§ **Exercise description**
Data follows below. Repeat exactly the lines between the line holding "This lovely knit" and the line holding "Pretty red and", inclusive, and nothing more; drop pictures.

§ **Extracted records**
↓↓↓

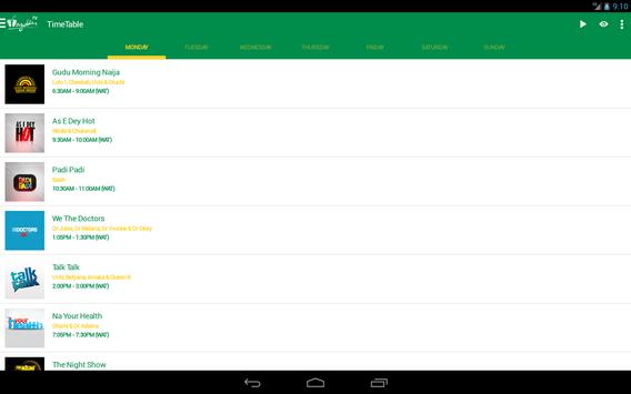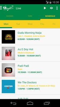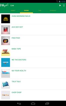 The app dey allow una check time for shows and follow us for Facebook, Instagram, Twitter and YouTube.
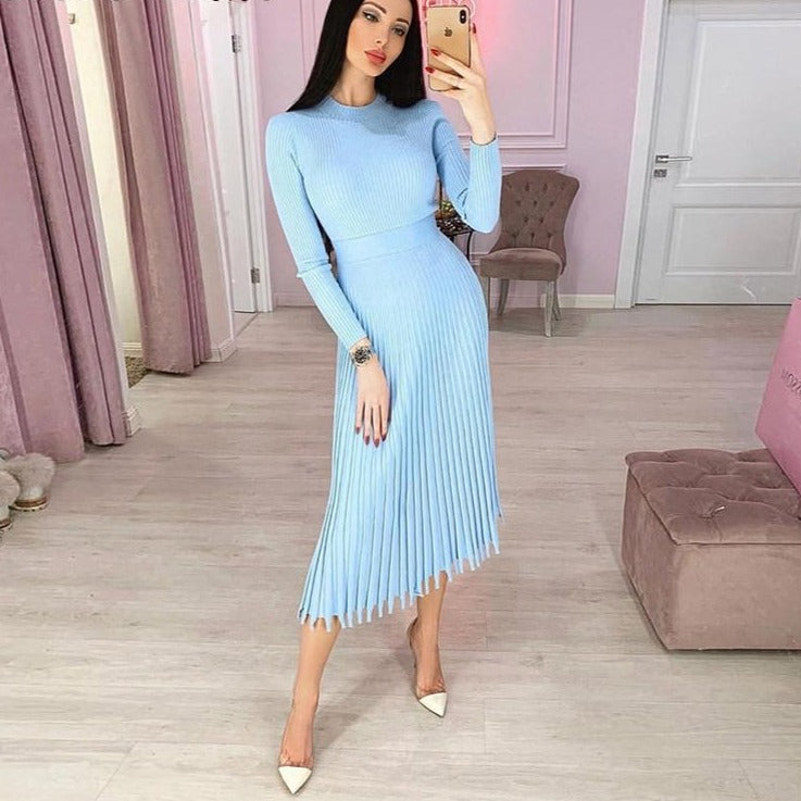 This lovely knit sweater dress has a pleated skirt, beautiful hemline detail, and long sleeves with a mock turtleneck. Available in a variety of colors.
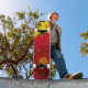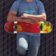 Pretty red and yellow flower is a colourful floral design for a girlie skateboard.
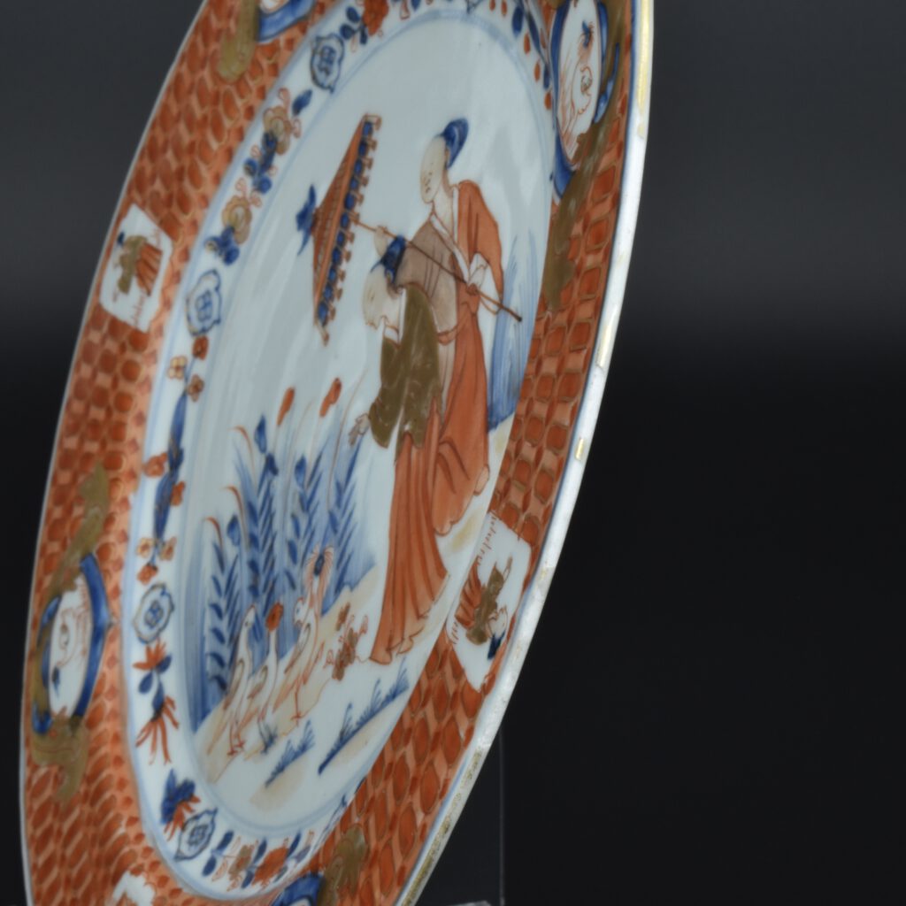 A Chinese Export Porcelain Imari Pronk’s Design ‘Parasoldames’, often referred to as La Dame au Parasol. This imari version of the well-known Chine de Commande design dates from about c.1736 to 1750, the pattern was used until at least 1760-1770. It is Chinoiserie in style, which is rather strange to the Chinese painting the design. These tall elegant ladies with their parasol must have seemed rather quaint and exotic to the Dutch middle and upper classes when they were first seen in the Netherlands. Cornelis Pronk also known as Cornelis Pronck, was a Dutch draughtsman, painter, and porcelain designer. He is known particularly for his numerous drawings of cities, towns, and buildings (topographical drawings), as well as for his porcelain designs. In 1734, as an experiment, the Dutch East India Company board, the Heren XVII, commissioned the Amsterdam artist Cornelis Pronk (1691-1759) to design depictions for services and other porcelains. He then designed a chinoiserie, a depiction in Chinese style, featuring a Chinese lady at the waterside and a female servant holding an umbrella. These drawings with the designs, which are now known as the Parasoldames (the parasol ladies) were sent to Batavia and from there to China, where porcelain, decorated after this example, was ordered in 1736. The coloured drawn plate design has been preserved and is now part of the collection of the Rijksmuseum Amsterdam. The High Government ordered porcelain conform to these drawings in both China and Japan.
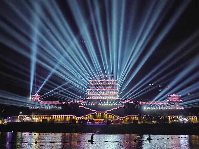 沅水畔,涉江楼的绚丽灯光秀。
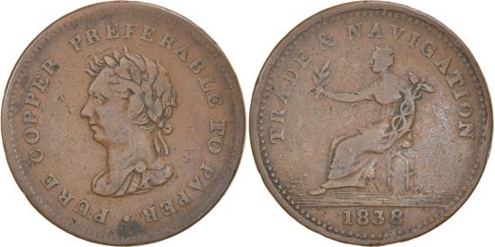 | | Coin, Canada, George IV, Penny Token, 1838, , Copper | | | TRADE & NAVIGATION | | FEATURES |
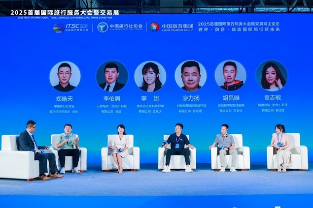 “数智文旅创新发展”对话聚焦技术创新与产业融合。中国旅行社协会数字经济专委会会长郑皓天与元界矩阵(北京)科技有限公司总裁李伯男、南京功夫豆科技股份有限公司总经理李娜、上海睿博智途智能科技有限公司总经理廖立杨、贵州趣游吧旅游服务有限公司董事长胡昌雄、北京敏尚鑫瑞科技有限公司董事长董敏等多位科技企业负责人,共同探讨了人工智能、大数据等技术在优化旅游服务流程、创新商业模式方面的应用前景。
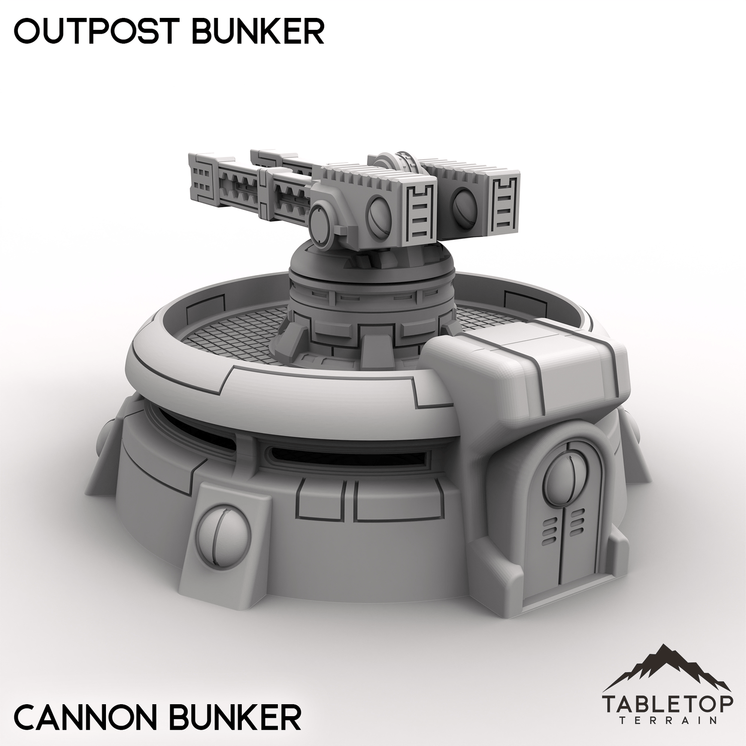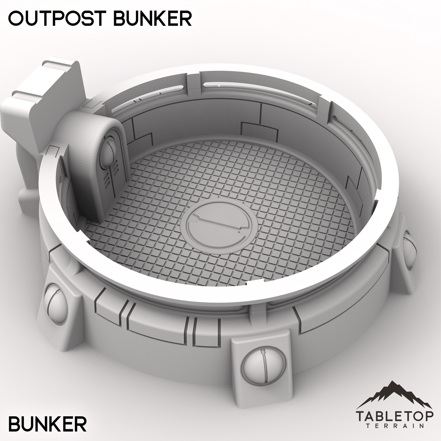 The Outpost Bunker is circular with narrow firing slits cut around its perimeter. One variant has a solid, low roof that makes the whole structure feel squat and defensive. Another swaps the roof for a defensive platform giving lookouts a place to stand, while the last version mounts a heavy gun on top, turning the bunker into a strong defensive point.
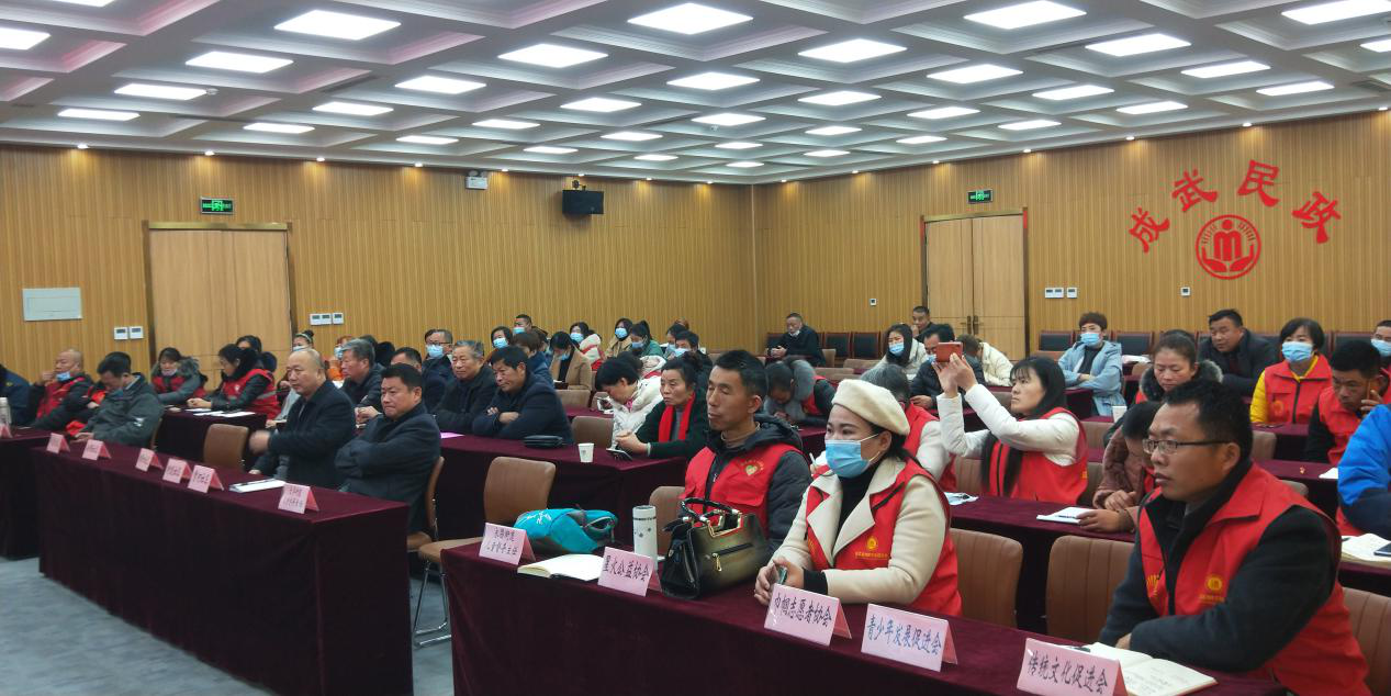 与成武县民政局在县社会福利中心联合举办社会工作教育培训会。参会人员为县民政局全体同志、各社会组织法人(负责人、财务人员、一线工作者)、社工及志愿者、城乡儿童督导和儿童主任、城乡社区工作者,总计100余人。
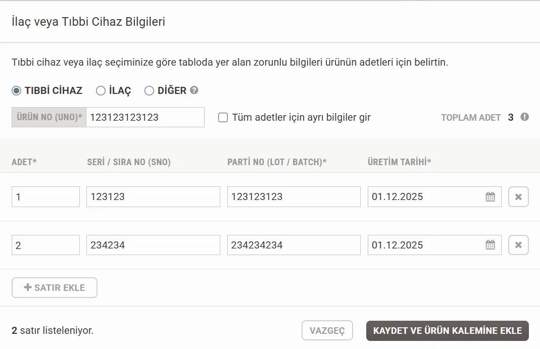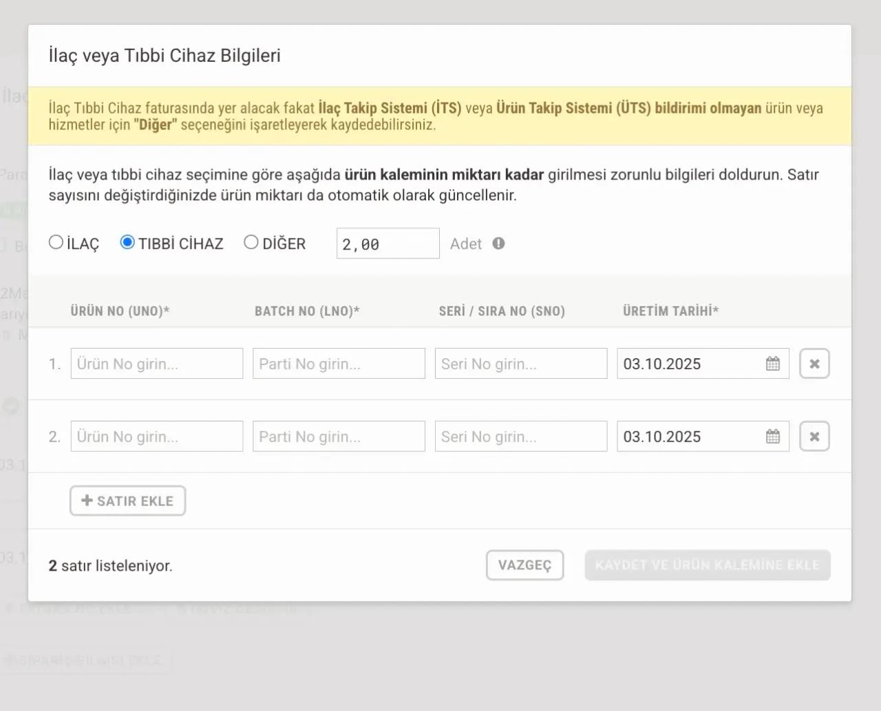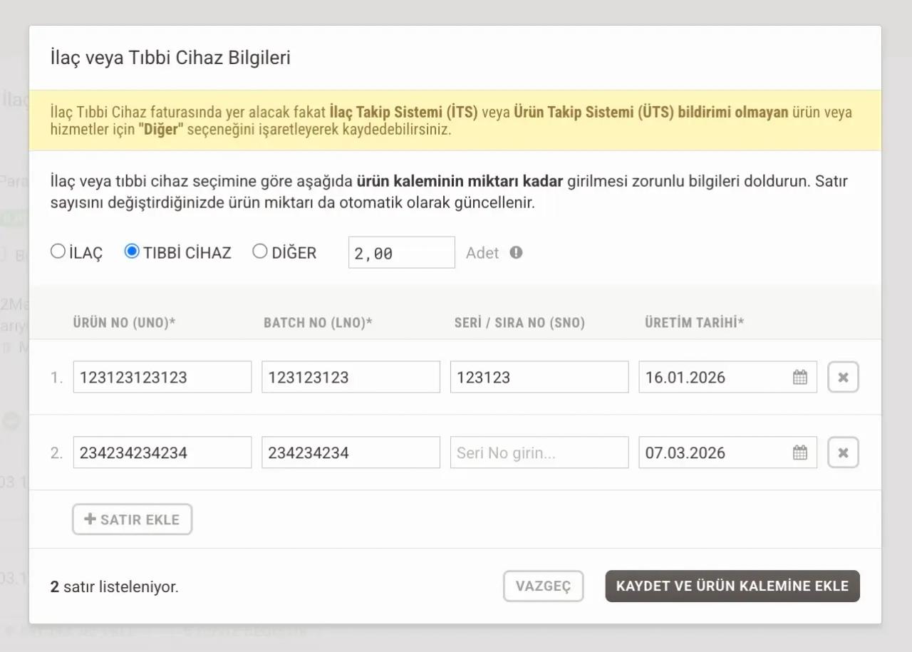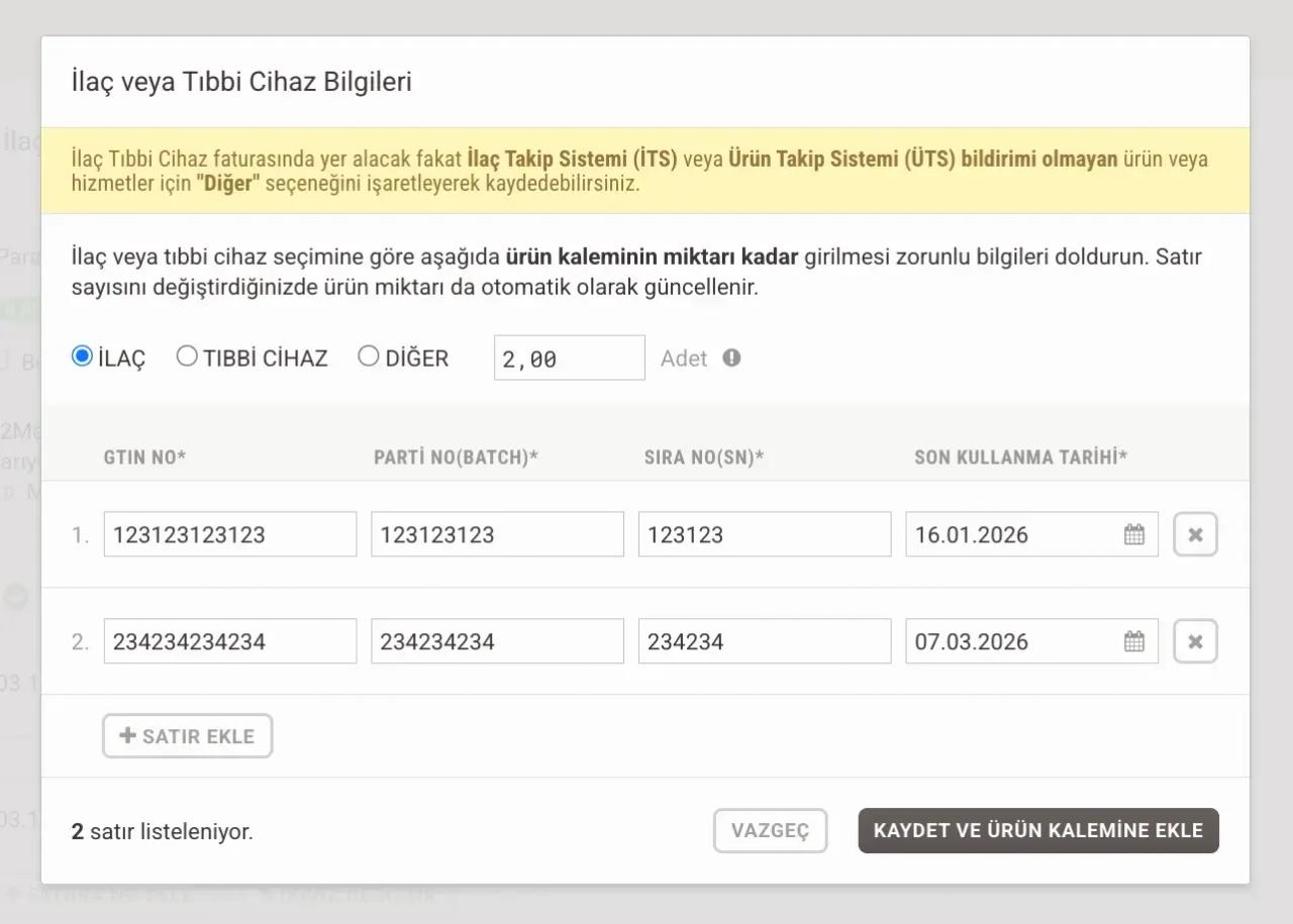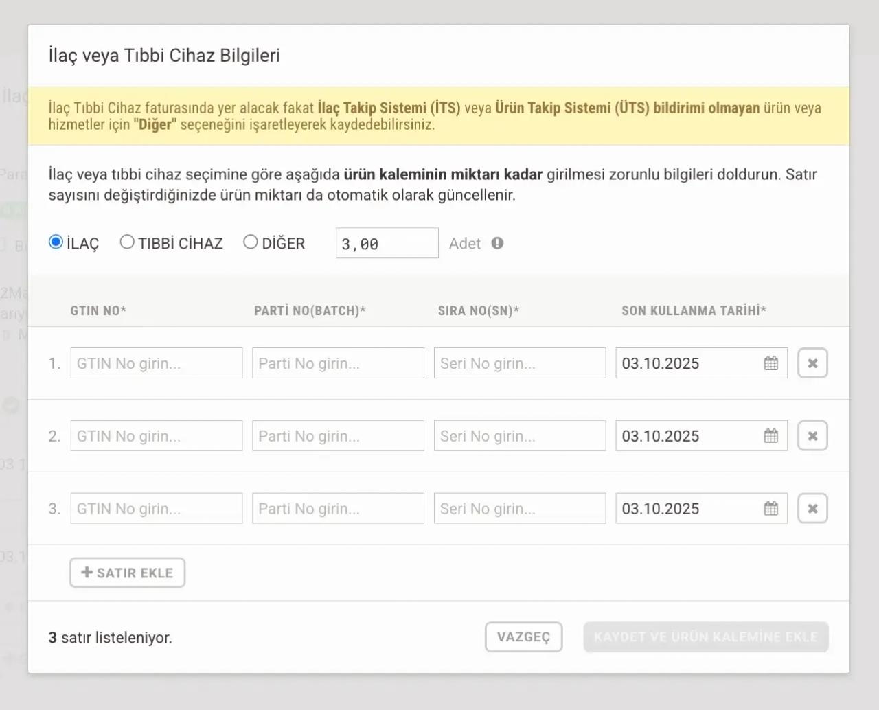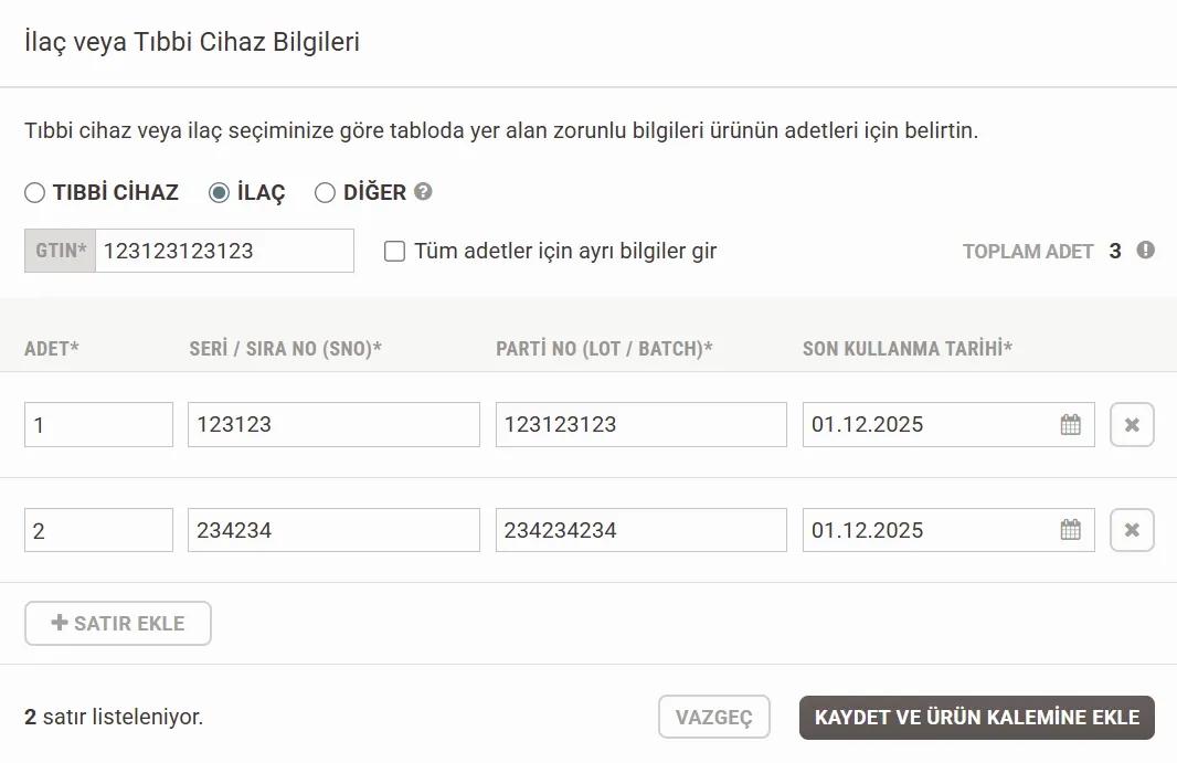 Ürün/hizmet kalemindeki miktar kadar ilaç veya tıbbi cihaz bilgisi girilmesi zorunludur.

↑↑↑

§ **Result**
 This lovely knit sweater dress has a pleated skirt, beautiful hemline detail, and long sleeves with a mock turtleneck. Available in a variety of colors.
 Pretty red and yellow flower is a colourful floral design for a girlie skateboard.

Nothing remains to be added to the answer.